Un mode de production rentable
Les rendements sont très élevés, mais le prix de vente aussi : 20% plus cher que des salades bio. Un prix compensé, selon Nordic Harvest, par une durée de conservation plus longue et donc moins de gâchis. Toute la production est écoulée en grande surface. "Quand on se sera agrandi, on atteindra environ 1 000 tonnes par an", assure Flemming Dyring, directeur commercial, qui vise 5% du marché danois d'ici la fin de l'année.
Si vous construisez 15 usines de ce type au Danemark, ça couvre les deux-tiers de la consommation du pays. On n'a plus besoin d'importer de salades.

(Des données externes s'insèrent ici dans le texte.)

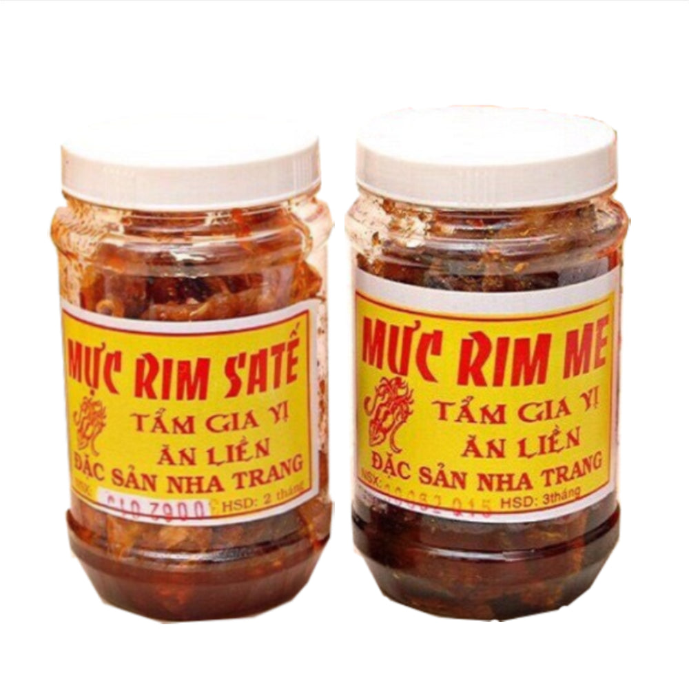 Mực rim me/mực rim sate nguyên con là món đặc sản vô cùng nổi tiếng ở Nha Trang. Mực được làm từ loại mực sữa, hòa quyện với nước sốt me chua chua ngọt ngọt, có vị cay cay, bùi bùi của mực. Ăn một lần nghiền mãi
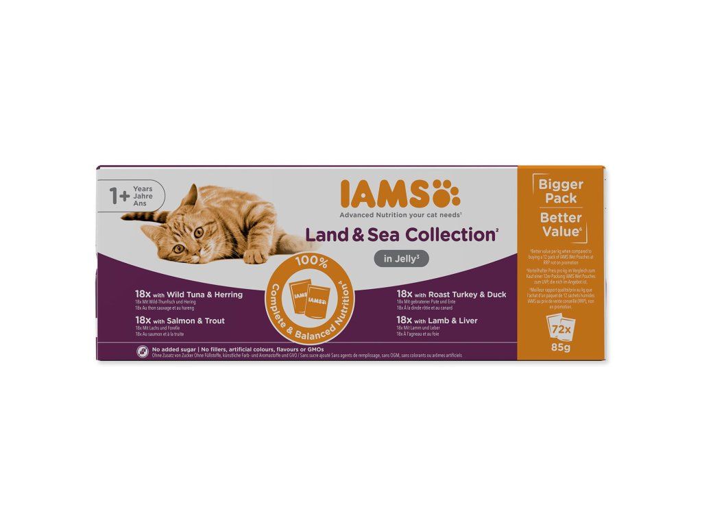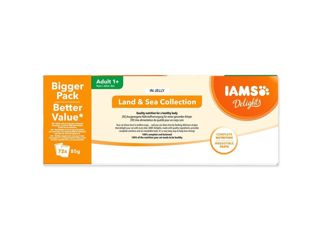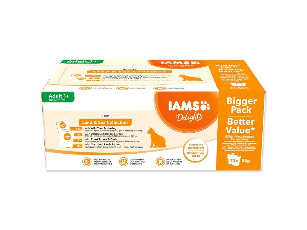 Kapsička IAMS Delights Adult mořské a suchozemské maso v želé multipack 6120g (72x85g)
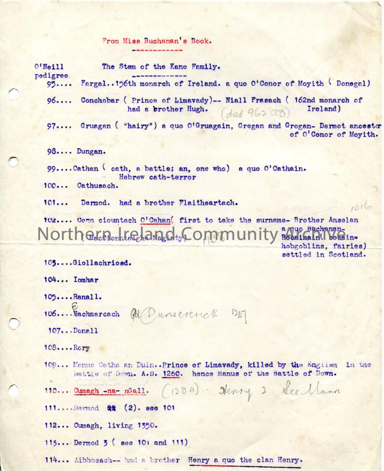 Page One of 2 pages of typed notes re: Kane (O'Cahan) lineage from medieval times until 18th century. 'From Miss Buchanan's Book'

Flemming Dyring, directeur commercialà franceinfo
Les fermes verticales sont-elles les fermes de l'avenir ? Nordic Harvest entend en tout cas en ouvrir d'autres dans les pays scandinaves. Il en existe déjà à New York et au Japon. En France aussi, elles commencent à fleurir. À Château-Thierry (Aisne), la société Jungle produit depuis quelques mois des herbes aromatiques pour Monoprix et Intermarché. Des initiatives sont en cours également à Lyon ou encore à Paris dans une ancienne galerie de métro. C'est intéressant car proche des centres urbains où se trouvent les bouches à nourrir, mais cela pose la question de l'artificialisation des sols et de la consommation énergétique, mais aussi celle de l'envie du consommateur de se nourrir avec des plantes sorties d'usine.